■ TASK OBJECTIVE ■
Make an exact copy of the entries, taking out every picture.
[[ RECORDED DATA, beginning ]]
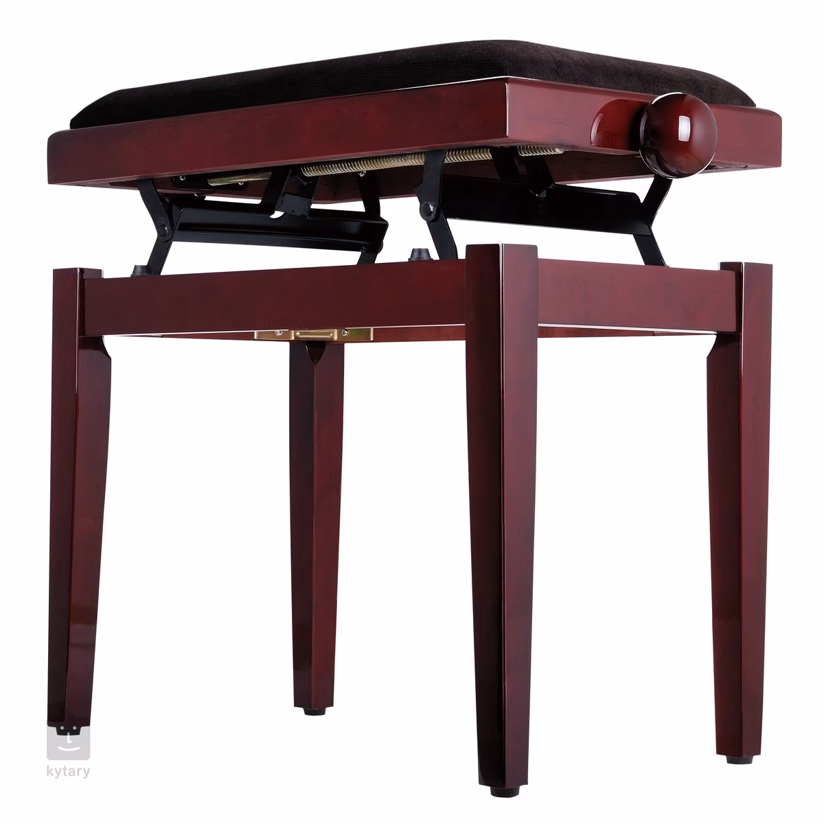 Zongoraszék klasszikus kialakítással, könnyű magasságállítással és kényelmes üléssel, fekete bársony huzattal. Az ülések fényes és matt kivitelben, valamint a leggyakoribb zongora- és nagybőgőszínekhez illeszkedő többféle színben kaphatók.
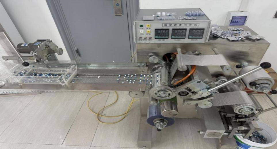 这一台大的仪器是全自动胶囊填充机,可以将所制好的药粉或颗粒精准填充到这个空心胶囊中,然后通过这边的泡罩包装机来将其封存至透明塑料薄片与铝箔之间。
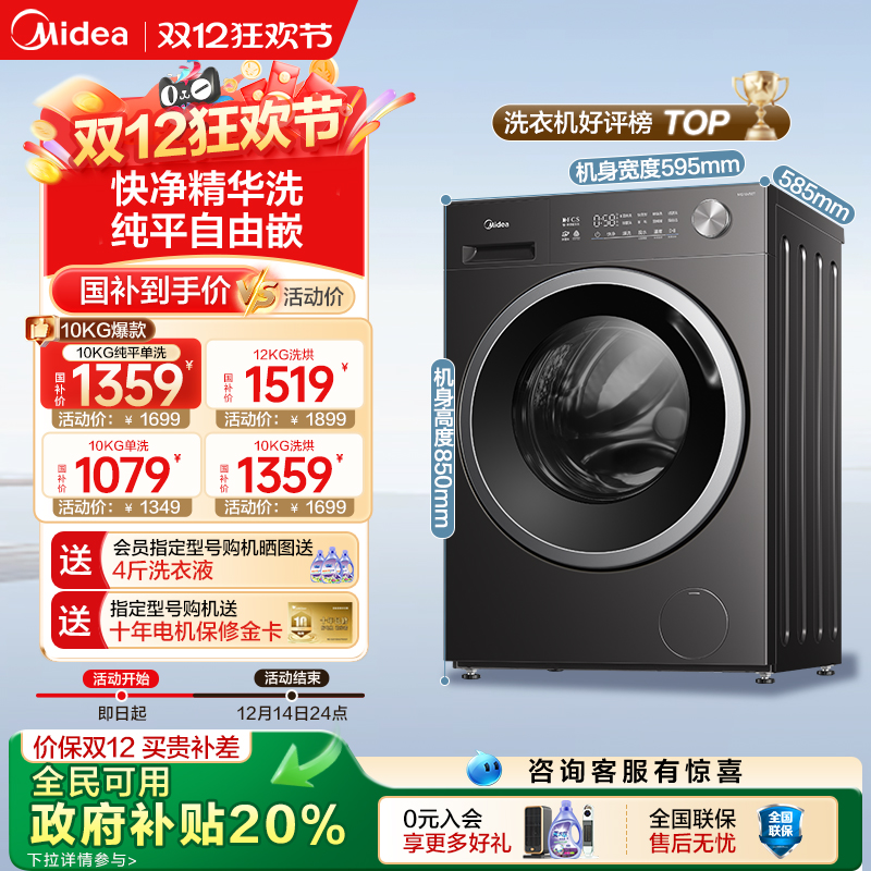 全民政府补贴美的12/10kg除菌全自动大容量洗脱烘一体滚筒洗衣机
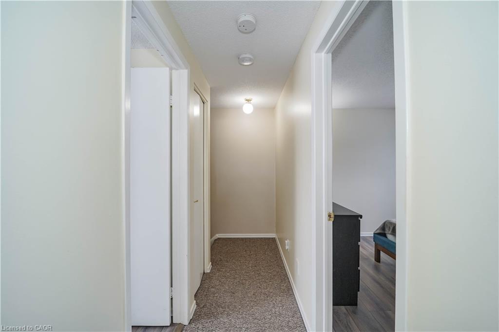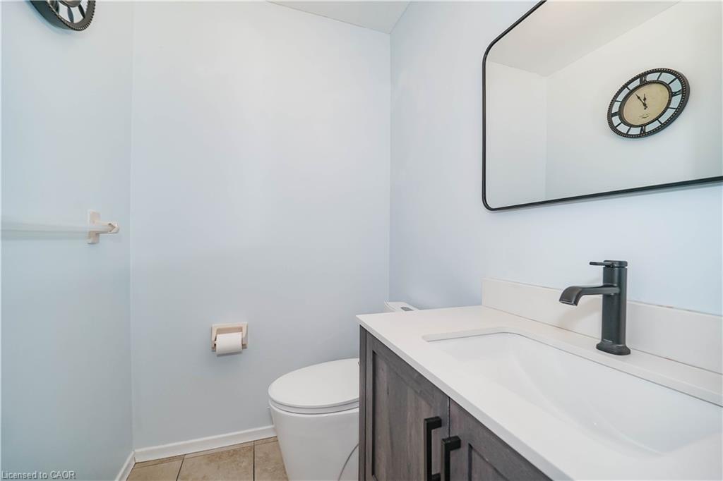 Tucked into a well-managed condo enclave in Waterloo, this stylish 2-storey townhouse offers the perfect blend of functionality and modern comfort. A welcoming tile foyer leads to a bright kitchen featuring stainless steel appliances and a clean, efficient layout ideal for everyday cooking. The open-concept living area with laminate flooring is anchored by a walk-out to a private yard—ideal for hosting or simply enjoying the outdoors in warmer months. Upstairs, you’ll find two generously sized bedrooms, both with laminate flooring and large windows that invite abundant natural light. The primary bedroom boasts a walk-in closet for added convenience, while the second bedroom offers flexibility for guests, a home office, or a nursery. A 3-piece bath on the second level complements the main floor powder room, providing function across both levels. Additional highlights include central air conditioning, gas-forced air heating, ensuite laundry, and a built-in garage with Electric Vehicle Charger installed and with a private driveway providing two parking spaces in total. With maintenance fees covering common elements and building insurance, this unit presents a low-stress ownership opportunity. Positioned in a south-facing exposure, the home captures all-day light and is conveniently located near King Street and Conestoga Parkway, offering easy access to local amenities, shopping, and transit. Whether you’re looking to enter the market, downsize smartly, or invest in a desirable area, this turn-key unit offers lasting value in a sought-after Waterloo location.
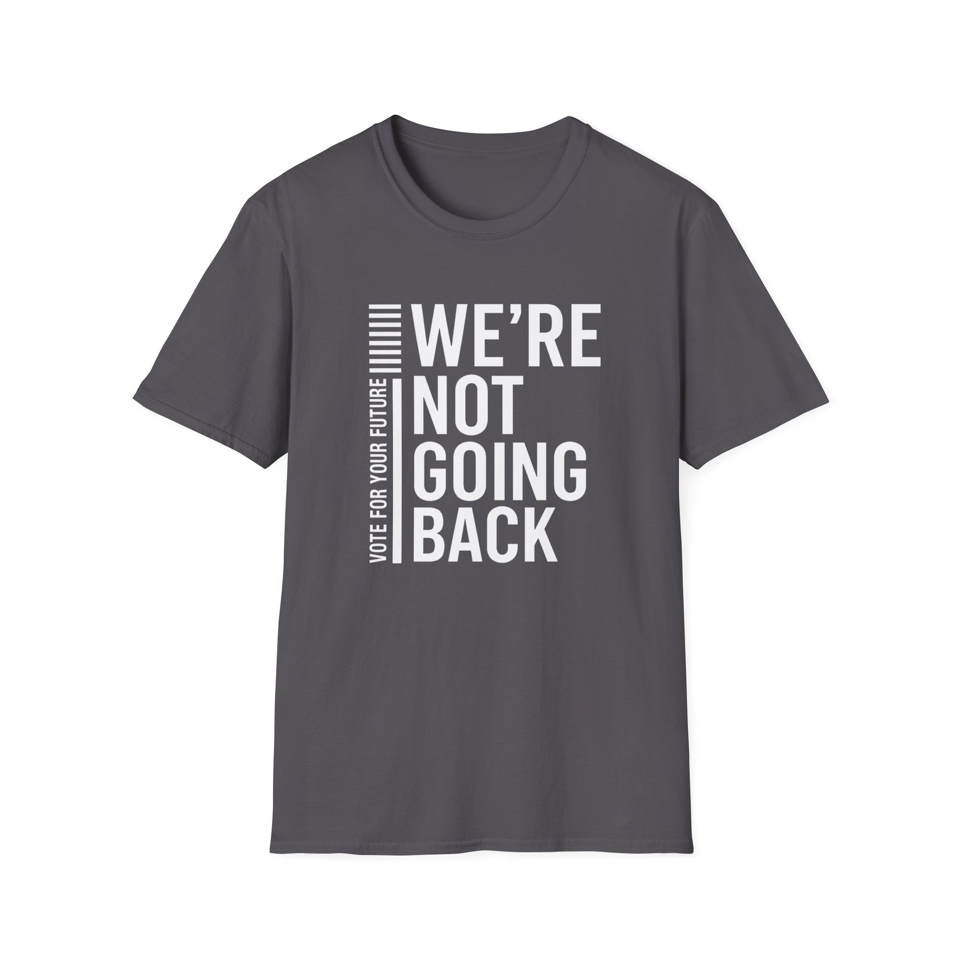 The future is in our hands, and this shirt is a dynamic reminder of the power we hold. Featuring the strong declaration "WE'RE NOT GOING BACK" alongside the crucial call to action "VOTE FOR YOUR FUTURE," this design directly links our collective momentum to the importance of civic engagement.
[[ RECORDED DATA, end ]]
■ ANSWER TO THE EXERCISE ■
 Zongoraszék klasszikus kialakítással, könnyű magasságállítással és kényelmes üléssel, fekete bársony huzattal. Az ülések fényes és matt kivitelben, valamint a leggyakoribb zongora- és nagybőgőszínekhez illeszkedő többféle színben kaphatók.
 这一台大的仪器是全自动胶囊填充机,可以将所制好的药粉或颗粒精准填充到这个空心胶囊中,然后通过这边的泡罩包装机来将其封存至透明塑料薄片与铝箔之间。
 全民政府补贴美的12/10kg除菌全自动大容量洗脱烘一体滚筒洗衣机
 Tucked into a well-managed condo enclave in Waterloo, this stylish 2-storey townhouse offers the perfect blend of functionality and modern comfort. A welcoming tile foyer leads to a bright kitchen featuring stainless steel appliances and a clean, efficient layout ideal for everyday cooking. The open-concept living area with laminate flooring is anchored by a walk-out to a private yard—ideal for hosting or simply enjoying the outdoors in warmer months. Upstairs, you’ll find two generously sized bedrooms, both with laminate flooring and large windows that invite abundant natural light. The primary bedroom boasts a walk-in closet for added convenience, while the second bedroom offers flexibility for guests, a home office, or a nursery. A 3-piece bath on the second level complements the main floor powder room, providing function across both levels. Additional highlights include central air conditioning, gas-forced air heating, ensuite laundry, and a built-in garage with Electric Vehicle Charger installed and with a private driveway providing two parking spaces in total. With maintenance fees covering common elements and building insurance, this unit presents a low-stress ownership opportunity. Positioned in a south-facing exposure, the home captures all-day light and is conveniently located near King Street and Conestoga Parkway, offering easy access to local amenities, shopping, and transit. Whether you’re looking to enter the market, downsize smartly, or invest in a desirable area, this turn-key unit offers lasting value in a sought-after Waterloo location.
 The future is in our hands, and this shirt is a dynamic reminder of the power we hold. Featuring the strong declaration "WE'RE NOT GOING BACK" alongside the crucial call to action "VOTE FOR YOUR FUTURE," this design directly links our collective momentum to the importance of civic engagement.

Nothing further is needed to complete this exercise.